In another process, part of the water vapor required for the reaction is replaced by carbon dioxide, which is recovered from the product gas by scrubbing and is returned to the reforming process carried out with steam. In this case too, a preheating to high temperatures, up to about 800.degree.C., is required. It is also known to use catalysts having different activities in the tubular heater in such a manner that the tubes contain a low-activity catalyst at their inlet end so that at that end the heating of the reaction mixture predominates over the actual reaction. In this way, the development of dangerously high CO concentrations is avoided particularly at the beginning of the reaction. Depending on the composition of the catalyst and particularly of its support, slight amounts of carbon black may be deposited in the inlet zones of the reactor tubes but these are not sufficient to clog the flow paths.

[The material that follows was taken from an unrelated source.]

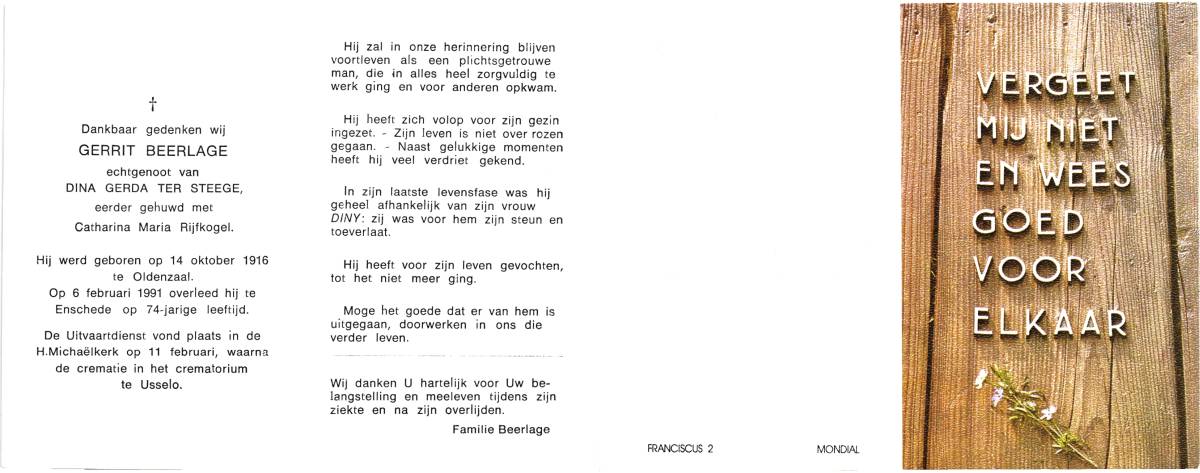 BEERLAGE, Gerrit, geboren op 14-10-1916 te Oldenzaal, overleden op 6-2-1991 te Enschede op 74-jarige leeftijd, gecremeerd op 11-2-1991 te Usselo (Gem. Enschede).

At its inlet end, the catalyst layer may comprise alkali-containing catalysts, which are effective at extremely low steam-carbon ratios. Although carbon black is deposited on such catalysts, the deposited carbon is consumed by accompanying reactions so that carbon black is not deposited in large amounts. These nickel-containing catalysts which comprise a support and which in most cases are alkalinized by an addition of potassium carbonate are sensitive to elevated temperatures. Their alkali content is volatile at temperatures much in excess of 850.degree.C. As the operation proceeds, the alkali content of the catalyst is progressively lost so that its activity changes constantly and the formation of carbon black is increasingly promoted. The volatilized alkali compounds are deposited on colder parts of the plant, where they give rise to clogging and corrosion. Catalysts of this kind are described for example in USP-Specification No. 3 417 029.
Even in combination, these known measures do not enable a reaction of hydrocarbons and water vapor under conditions which are sufficiently remote from the carbon black limit and with formation of a product gas in which the water vapor content is minimized and which can be directly used as a hot reducing gas without having to be cooled substantially below the temperature at which it is formed.